Este projeto tem por objetivo relacionar aquelas mulheres que, por seu espírito destemido, demonstraram sua liderança e ativismo nas mais diversas área da sociedade, seja porque se destacaram em suas profissões, seja porque enfrentaram adversidades na época em que viveram, marcando seu nome na história do Brasil.
O projeto foi inspirado no livro "Mulheres do Brasil, A história não contada", do escritor Paulo Rezzutti, editora LeYa, 2018. Com base na literatura de Rezzutti, citamos o prefácio que assim diz:
NÃO! AS MULHERES NÃO PRECISAM de mais um homem para falar por elas. A mulher brasileira tem voz própria há anos. Mas eu gosto de contar histórias, e ainda existem histórias a seu respeito que não foram contadas ou não foram contextualizadas dentro do espaço em que existiram. Por isso, respeitando a voz de cada uma dessas mulheres, peço licença para falar sobre elas de um ponto de vista histórico. Eu quero contar como elas foram apagadas ou tiveram o seu papel diminuído. Como foi a luta de muitas das que hoje até são conhecidas, mas tiveram a história do seu passado narrada parcialmente.
Era muito fácil e cômodo para os homens que escreviam história até o século passado reduzir a figura feminina ao papel de mãe, filha ou esposa de algum outro homem. D. Leopoldina, por exemplo, encaixa-se nesse modelo até hoje nos livros escolares. Quando ela aparece, se aparece, é mencionada como sendo mãe de d. Pedro II e esposa de d. Pedro I. Nenhuma palavra é dita a respeito do seu papel no processo da Independência.
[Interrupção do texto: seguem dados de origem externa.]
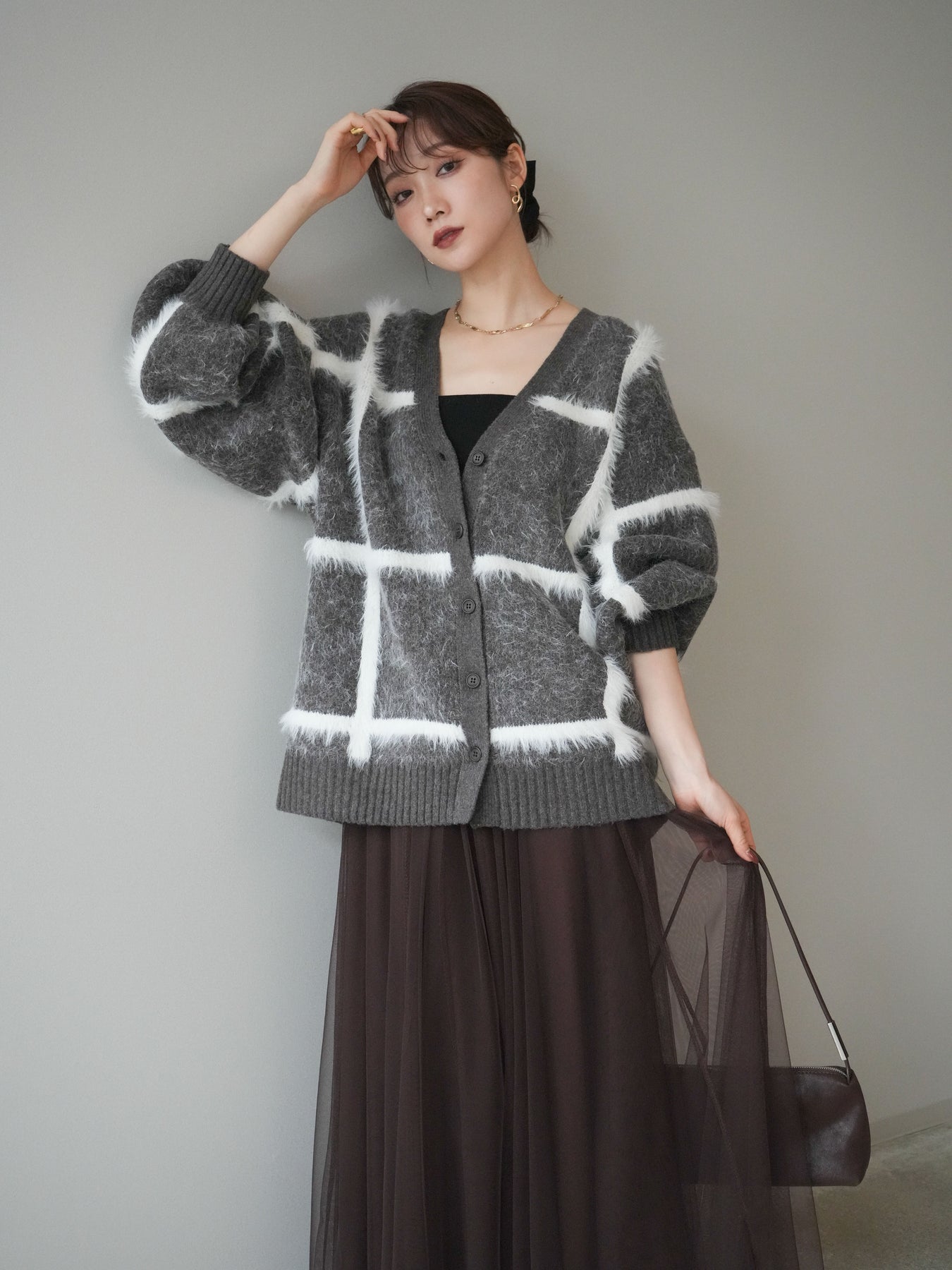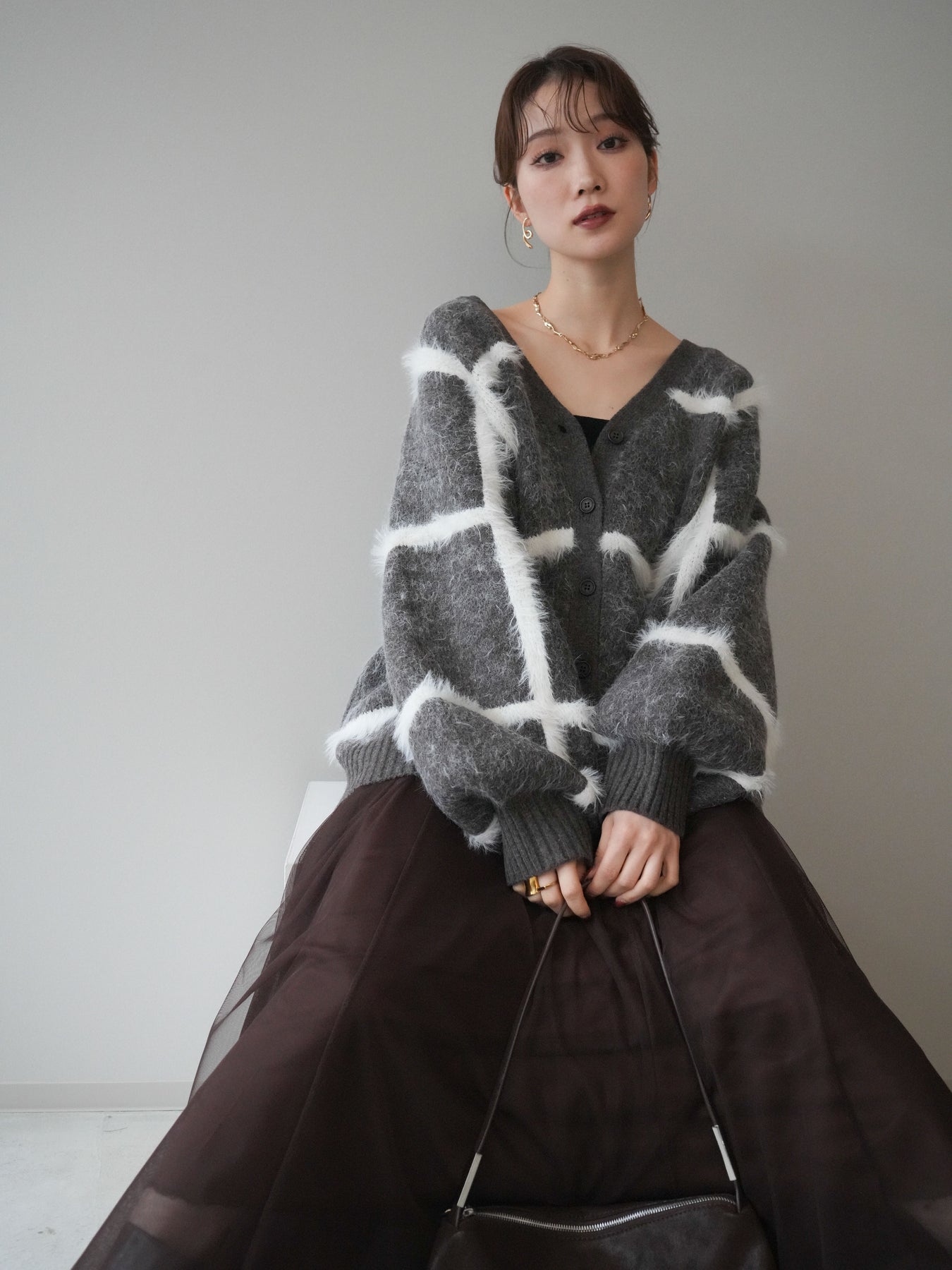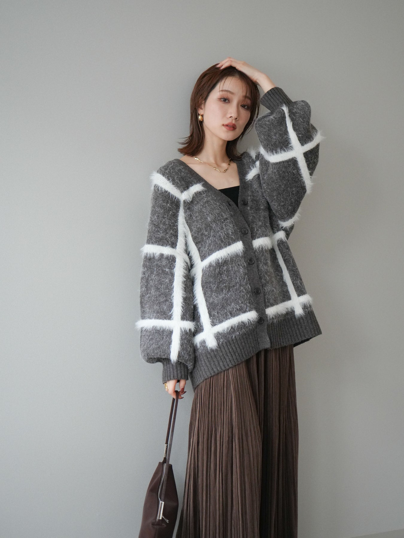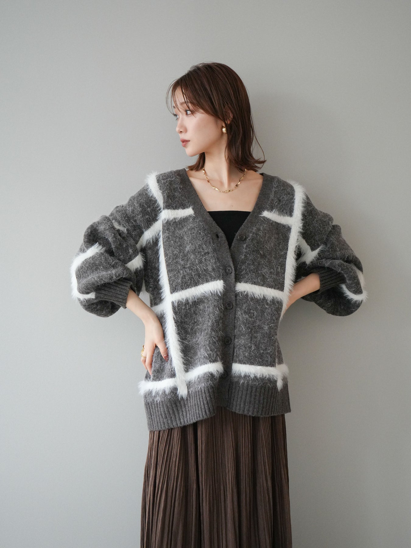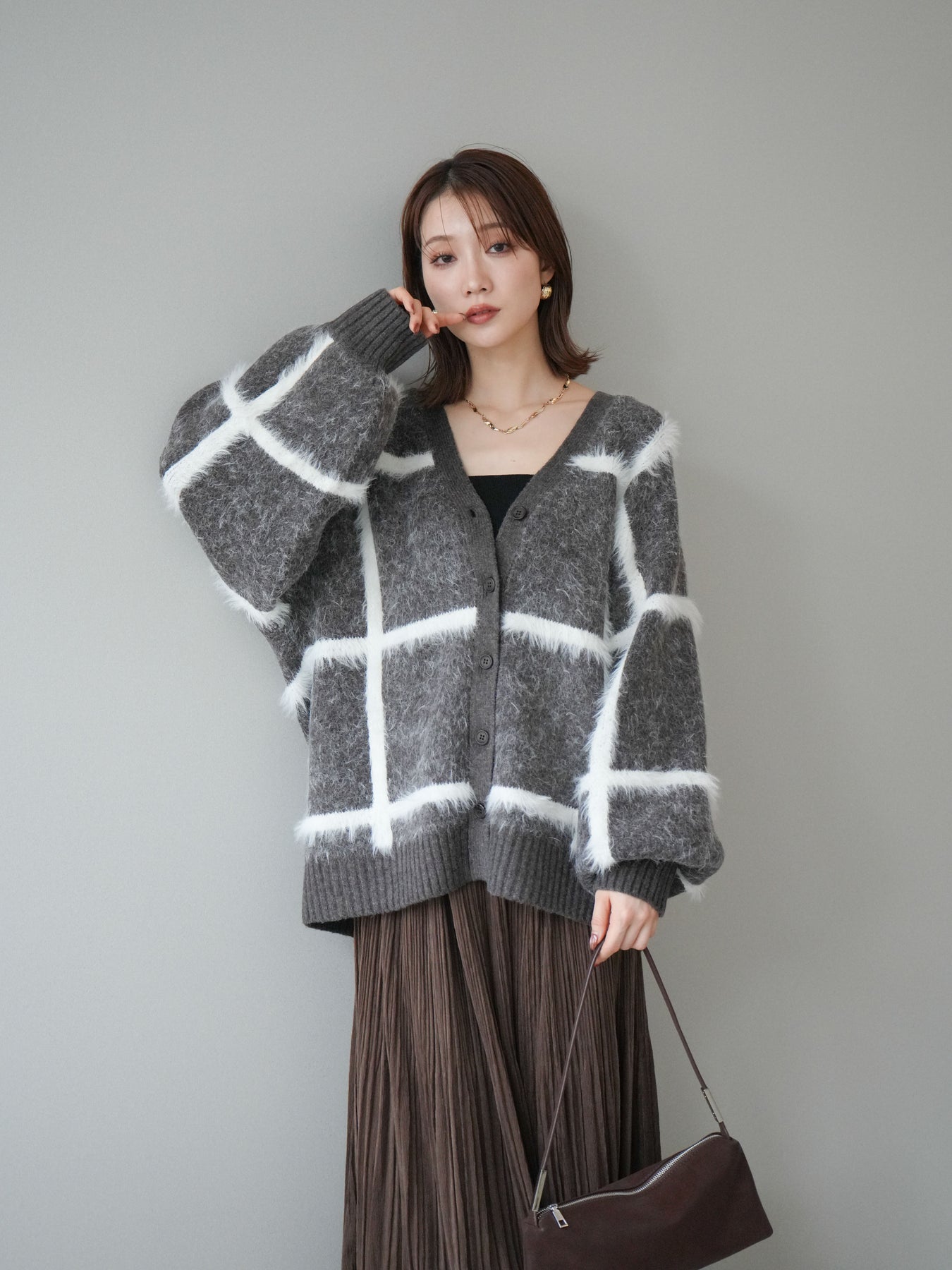 ふんわりとしたミックスシャギー素材で仕立てたチェック柄カーディガン。 異素材のような毛足の長い質感が表情豊かで、シーズンムードを高めてくれます。 大きめの格子デザインが目を惹き、羽織るだけでスタイリングの主役になる1枚。 ゆったりとしたシルエットが抜け感を演出し、リラックス感のある着心地です。 デニムやスカートなど、幅広いアイテムと好相性で、カジュアルにもフェミニンにも着回せる万能カーディガンです。 ※ボトムス、キャミソール(インナー)以外の商品は一律でインナーは付属していません。

Muitas mulheres sobressaíram o suficiente para terem suas histórias, depois de descobertas, transformadas em livros ou teses, mas estes eram restritos a um grupo específico de interessados. Outras não tiveram tanta sorte. Suas memórias, ou seus fragmentos biográficos, alguns verdadeiros quebra-cabeças, ainda descansam em arquivo ou na posse de particulares. Isso falando dos escritores que não sofreram censura das famílias ou das próprias mulheres. Censura de mulheres? Sim. Basta-nos lembrar dos diários femininos que, ainda na minha juventude, fechadinhos com cadeados, eram peças vendidas para meninas em bazares e papelarias. Quantos desses ainda hoje existe preenchidos e guardados? Quantos chegarão à terceira ou quarta geração da família, formada por membros que expõem atualmente a vida na mídia online da moda? Muitos já foram descartados pelas próprias donas. Assim fizeram suas avós e as avós de suas avós, praticando uma autocensura, um não falar sobre si mesmas.
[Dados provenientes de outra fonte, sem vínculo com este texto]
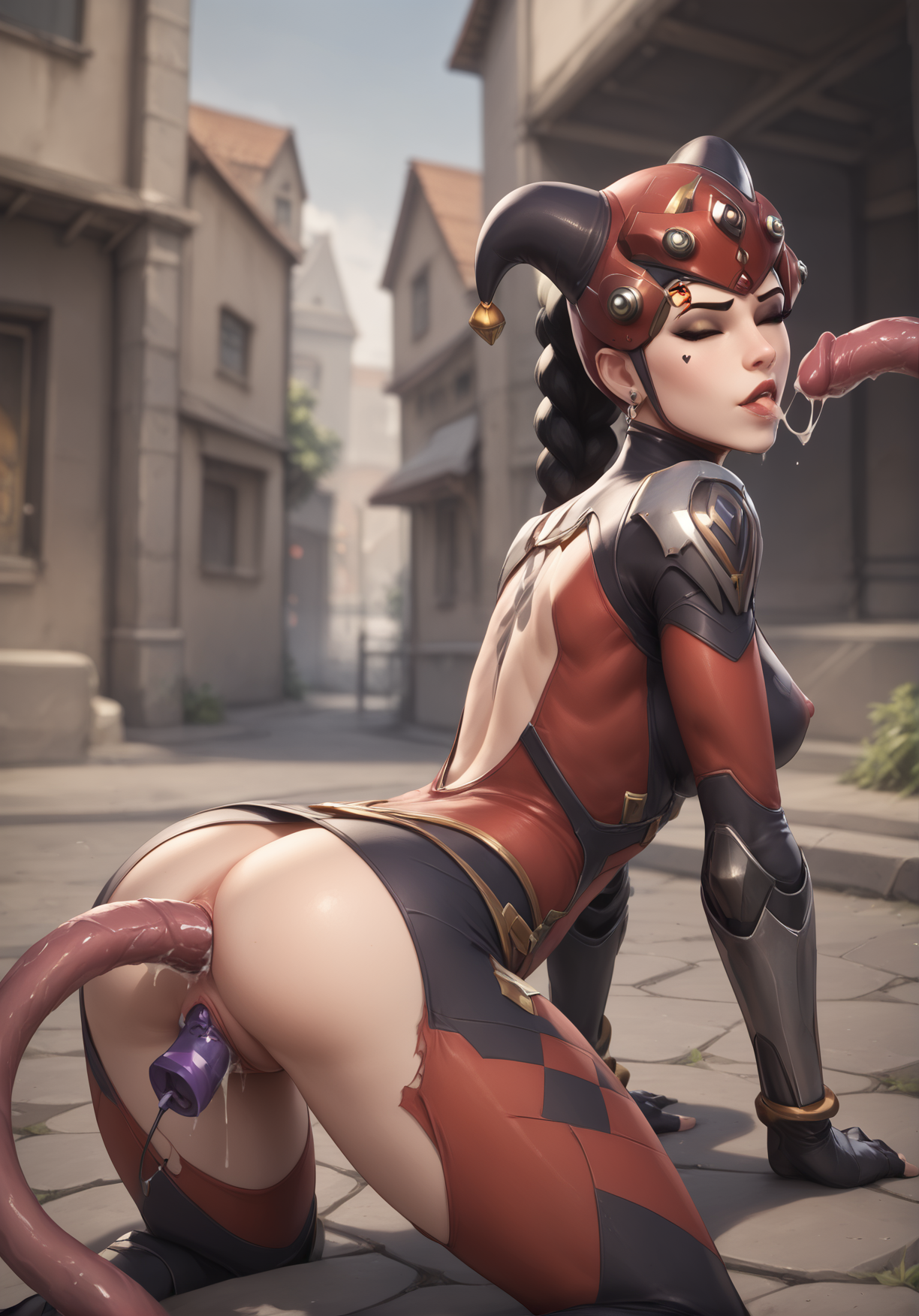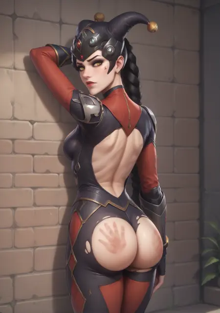 推奨プロンプト: score_9, score_8_up, score_8_up, (solo:1.4), 1girl, lora:Widowmaker_Harlequin:0.5, harlequin, long braid, solo, long black hair, red bodysuit, yellow eyes, small hips, white skin
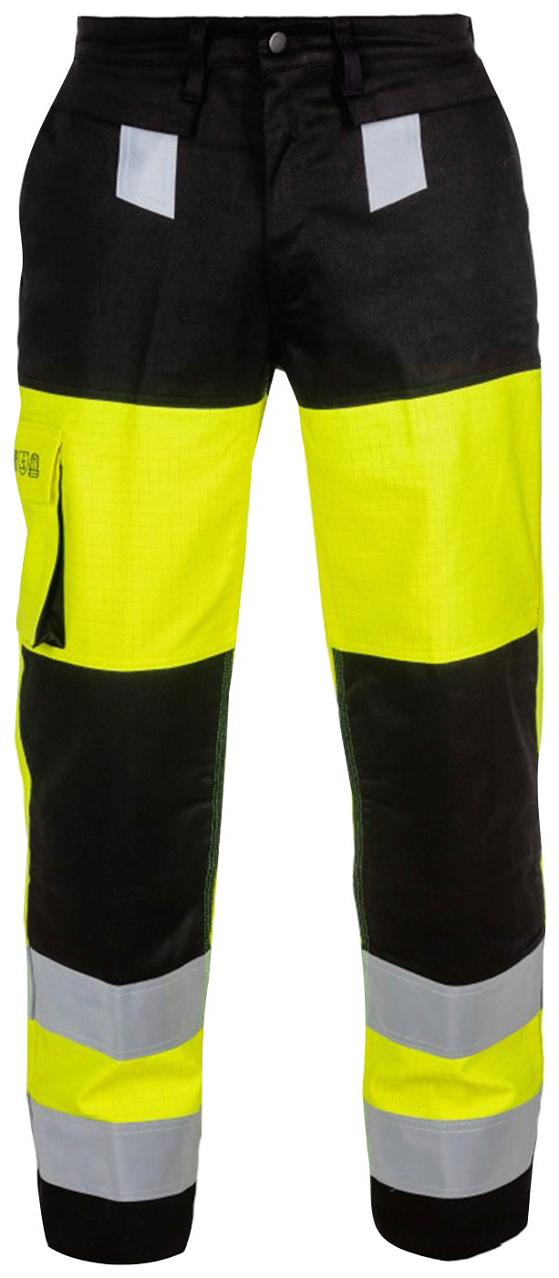 Palosuojatut antistaattiset ja näkyvät työhousut ammattilaiselle, joka työssään altistuu tulelle, kuumuudelle, kipinöille, valokaarille ja kemikaaliroiskeille. Käsitelty palosuoja-aineella.
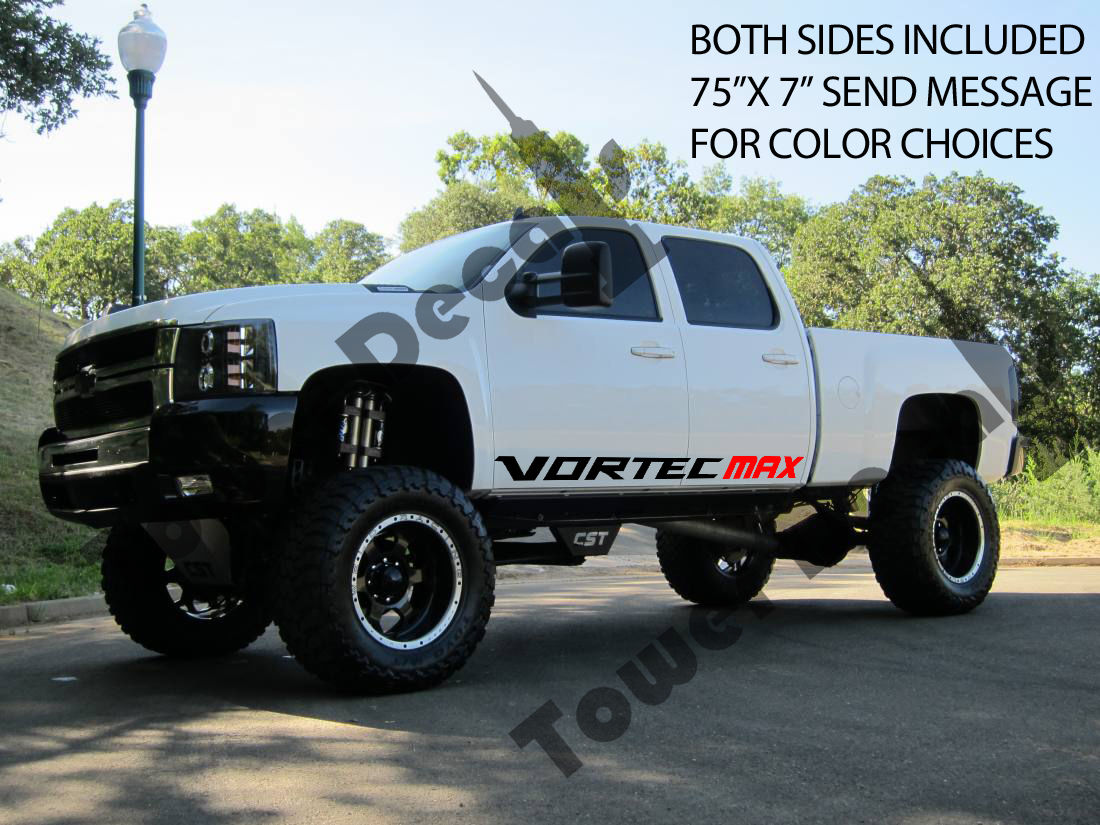2 VORTEC MAX rocker panel door runner Stickers Decals Chevy Silverado GMC Sierra 75"x7"

O que me animou a abraçar este projeto foi o fato de já ter me debruçado antes sobre a trajetória de mulheres brasileiras em relação às quais os mitos e estereótipos eram, e ainda são, repetidos mais que suas histórias completas e tridimensionais. Escrever a biografia de d. Pedro I foi um passeio em arquivos públicos e particulares, desbastando e selecionando o material, respeitando o recorte estipulado da biografia, do que eu queria elucidar sobre ele. Já ao escrever sobre as mulheres, a documentação, muitas vezes exígua, precisou ser espremida para que se pudesse entrever a pessoa de carne e osso que existiu e não o ser idealizado que a história criou.
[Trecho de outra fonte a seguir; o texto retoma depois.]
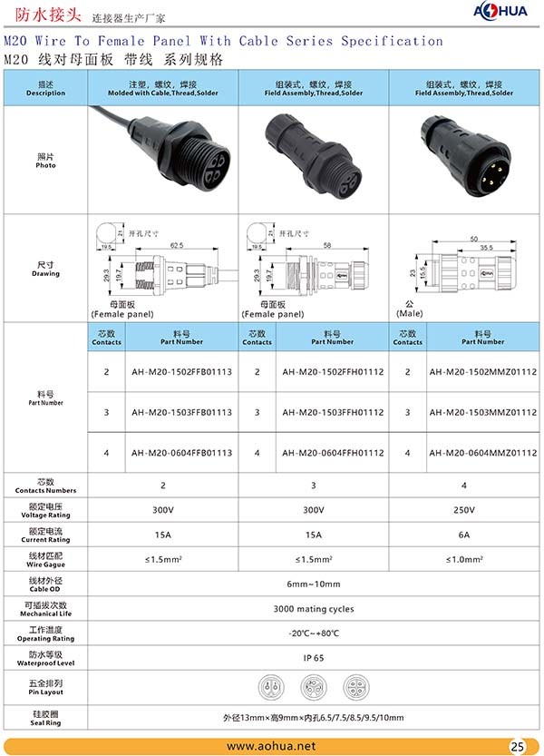 AHUA澳華防水連接器M20母面板LED燈具養(yǎng)殖水族箱防水插頭
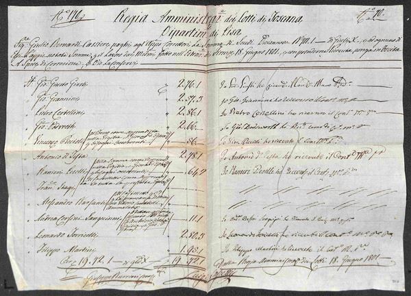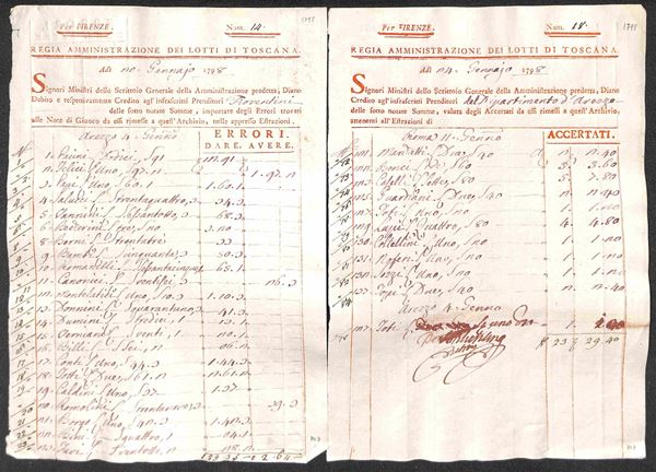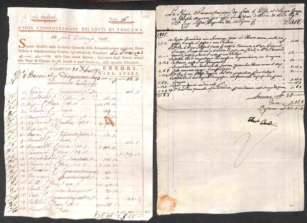 TOSCANA - 1763/1805 - Regia Amministrazione dei Lotti di Toscana - 16 documenti contabili del periodo
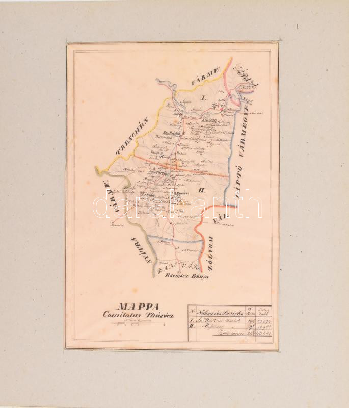 Mappa Comitatus Thurocziensis, Turóc vármegye térképe. XIX. sz vége. Kézzel rajzolt. hártyapapíron 24x30 cm / Map of Csallóköz Schütt county hand drawn

A historiadora Michelle Perrot diz que é preciso que a mulher seja piedosa ou escandalosa – e eu acrescentaria: infeliz – pra pode existir. Esse existir a que Perrot se refere é o fato de a mulher ser notada. Ao ser notada, ela passa a ser “digna” de que o seu nome figure nos livros de história, escritos durante séculos somente pelos homens. Com a história do Brasil, não foi diferente. Enquanto algumas mulheres símbolos são exaltadas por serem exemplos a ser seguido pela sociedade, milhares de brasileiras anônimas são esquecidas porque não se adequaram ao papel social que lhes cabia. Outras são lembradas por terem sido objetificadas. Entram para a mulher cheia de luxúria, linda, com a pele maravilhosa, para atrair a atenção para as termas criadas na região onde morou, construídas anos depois de sua morte.
Muitas tiveram suas histórias editadas, como Chiquinha Gonzaga, que, é sempre bom lembrar, era filha de uma mulata alforriada na pia batismal. Neta de escrava, pouco ou nada tinha de semelhante fisicamente à atriz Regina Duarte, que a interpretou numa minissérie. Outras foram invisíveis, apagadas, pois uma história com elas seria difícil de explicar.
Como os historiadores do século XIX poderiam falar sobre Maria Felipa de Oliveira, que, junto com outras mulheres, lutou contra os portugueses durante a Independência brasileira? Uma história escrita por homens brancos, dentro de uma sociedade escravagista, não daria visibilidade a uma negra, líder de comunidade, pobre, iletrada e que jogava capoeira. Já Maria Quitéria, branca, de classe média e que, obedientemente, voltou à casa paterna após a guerra, era mais fácil de ser explicada como figura feminina no mesmo conflito. Também seria bem difícil explicar o fato de as capitanias hereditárias que mais deram certo, Pernambuco e São Vicente, terem sido administradas por mulheres.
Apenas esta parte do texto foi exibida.